[CONJ-502] Aurora JDBC connections leaking between connection pools - Jira

Details

Type: Bug
Status: Closed (View Workflow)
Priority: Critical
Resolution: Fixed
Affects Version/s: 1.5.9
Fix Version/s: 2.1.0, 1.6.3
Component/s: Failover
Labels:
None

Description

So this bug is going to be a little light on concrete examples to duplicate the behavior we are seeing as it has been incredibly hard to duplicate in staging, but please bear with me as I explain. The tldr is we shard across multiple hikari pools backed by aurora, in production we observed sql exceptions after adding a new delete query, and then observed entities being written to the wrong shard, which after a code review likely points to the hikari pool or mariadb driver returning the wrong connection.

Our application is built on top of Akka Persistence, which follows an event sourcing model. Each event is persisted as a new row in the database. Every 50 events (or journals) we create a snapshot of the full state. On recovery we replay the latest snapshot and all journals after that snapshot.
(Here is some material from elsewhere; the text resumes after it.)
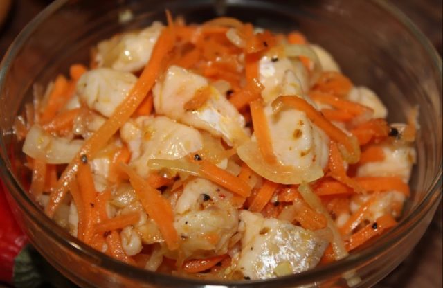 La lucioperca se corta en cubos grandes y luego se mezcla con vinagre. El pescado se deja un par de horas para encurtir, luego se le agregan zanahorias exprimidas y ralladas y cebollas picadas en trozos grandes. Sazone la mezcla con aceite vegetal caliente, salsa de soja, ajo picado y especias al gusto. La pieza de trabajo se retira durante varias horas en el refrigerador hasta que esté completamente cocida.
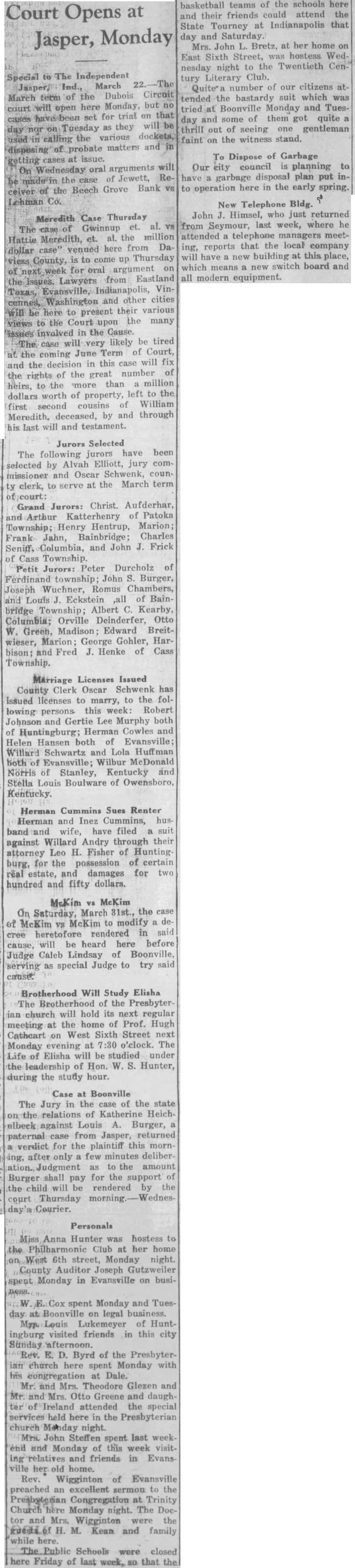 Court Opens at Monday Jasper, Special Independent Ind., March Dubois Circuit March term of the here Monday, but no will open cases set for trial on that will be on Tuesday as they the various dockets, calling matters and probate cases at issue. On Wednesday oral arguments will of Jewett, made'in the Grove Bank of the Beech ceiver Lehman Co. Moredith Case Thursday The Gwinnup et. al. al. the million Hattie Meredith, et. here from Dadollar case" venued County, is to come up Thursday of for oral argument on from Eastland issues. Lawyers Texas, Vincennes, Washington and other cities their various will be here to present views to the Court upon the many issues involved in the Cause The case will very likely be tired the coming June Term of Court, and the decision in this case will fix the rights of the great number of than million heirs, to the dollars worth of property, left to the of William first second cousins Meredith, deceased, by and through his last will and testament. Jurors Selected The following jurors have been selected by Alvah Elliott, jury commissioner and Oscar Schwenk, counclerk, to serve at the March term Grand Jurors: Christ. Aufderhar, and Arthur Katterhenry of Patoka Township; Henry Hentrup, Marion; Frank Jahn, Bainbridge; Charles Seniff, Columbia, and John J. Frick of Cass Township. Jurors: Peter Durcholz of Petit Ferdinand township; John S. Burger, Joseph Wuchner, Romus Chambers, and Louis Eckstein all of Bainbridge Township; Albert C. Kearby, Columbia; Orville Deinderfer, Otto Green, Madison; Edward Breitwieser, Marion; George Gohler, Harbison: and Fred J. Henke of Cass Township. Marriage Licenses Issued County Clerk Oscar Schwenk has issued licenses to marry, to the following persons this week: Robert Johnson and Gertie Lee Murphy both of Huntingburg; Herman Cowles and Helen Hansen both of Evansville; Willard Schwartz and Lola Huffman both of Evansville; Wilbur McDonald Norris of Stanley, Kentucky and Stella Louis Boulware of Owensboro, Kentucky. Herman Cummins Sues Renter Herman and Inez Cummins, husband and wife, have filed suit against Willard Andry through their attorney Leo H. Fisher of Huntingburg, for the possession of certain real estate, and damages for two hundred and fifty dollars. McKim McKim On Saturday, March 31st., the case of McKim vs McKim to modify decree heretofore rendered in said cause, will be heard here before Judge Caleb Lindsay of Boonville, serving as special Judge to try said cause. Brotherhood Will Study Elisha The Brotherhood of the Presbyterian church will hold its next regular meeting at the home of Prof. Hugh Cathcart on West Sixth Street next Monday evening at 7:30 o'clock. The Life of Elisha will be studied under the leadership of Hon. W. S. Hunter, during the study hour. Case at Boonville The Jury in the case of the state the relations of Katherine Heichelbeck against Louis A. Burger, paternal case from Jasper, returned verdict for the plaintiff this morning, after only few minutes deliberas to the amount Burger shall pay for the support of the child will be rendered by the court Thursday Courier. Personals Anna Hunter was hostess to the Philharmonic Club at her home 6th street, Monday night. County Auditor Joseph Gutzweiler spent Monday in Evansville on busiCox spent Monday and Tuesday at Boonville on legal business. Lukemeyer of Huntingburg visited friends in this city Sunday afternoon. Rev. E. Byrd of the Presbyterian church here spent Monday with his congregation at Dale. Mr. and Mrs. Theodore Glezen and Mr. and Mrs. Otto Greene and daughattended the special services held here in the Presbyterian church Menday night. Mrs. John Steffen spent last weekend and Monday of this week visitand friends in Evanshome. Rev. Wigginton of Evansville preached an excellent sermon to the Congregation at Trinity Church Monday night. The Doctor and Mrs. Wigginton were the H. M. Kean and family while here. Schools were closed here Friday of last week, SO that the basketball teams of the schools here and their friends could attend the State Tourney at Indianapolis that day and Saturday. Mrs. John Bretz, at her home on East Sixth Street, was hostess Wednesday night to the Twentieth CenLiterary Club. tury Quite"a number of our citizens attended the bastardy suit which was tried at Boonville Monday and Tuesday and some of them got quite thrill out of seeing one gentleman faint the witness stand. on To Dispose of Garbage Our city council is planning to have garbage disposal plan put into operation here in the early spring. New Telephone Bldg. John Himsel, who just returned from Seymour, last week, where he attended telephone managers meeting, reports that the local company will have new building this place, which means a new switch board and all modern equipment.

At the application level we are sharding this data across multiple databases.

Example schema:

CREATE TABLE `journal` (

  persistence_id VARCHAR(255) NOT NULL,

  sequence_number BIGINT NOT NULL,

  deleted BOOLEAN DEFAULT FALSE,

  created_at BIGINT NOT NULL,

  message MEDIUMBLOB NOT NULL,

  PRIMARY KEY(persistence_id, sequence_number)

) ENGINE=InnoDB DEFAULT CHARSET=latin1;

On 6/26 we released some new code to production, which enabled cleanup of the journal and snapshots.

Example query:

DELETE FROM journal WHERE persistence_id = ? AND sequence_number <= ?"

We had manual processes in place to clean things up, but the tables were quite large so some of the delete queries took a long time and we started observing connection link exceptions.

com.company.foo.persistence.PersistenceException: onPersistFailure

  at com.company.foo.persistence.PersistentActorExceptional$class.onPersistFailure(PersistentActorExceptional.scala:18)

  at com.company.foo.delta.PersistentDeltaActor.onPersistFailure(PersistentDeltaActor.scala:81)

  at akka.persistence.Eventsourced$ProcessingState$$anonfun$2.applyOrElse(Eventsourced.scala:627)

  at scala.runtime.AbstractPartialFunction.apply(AbstractPartialFunction.scala:36)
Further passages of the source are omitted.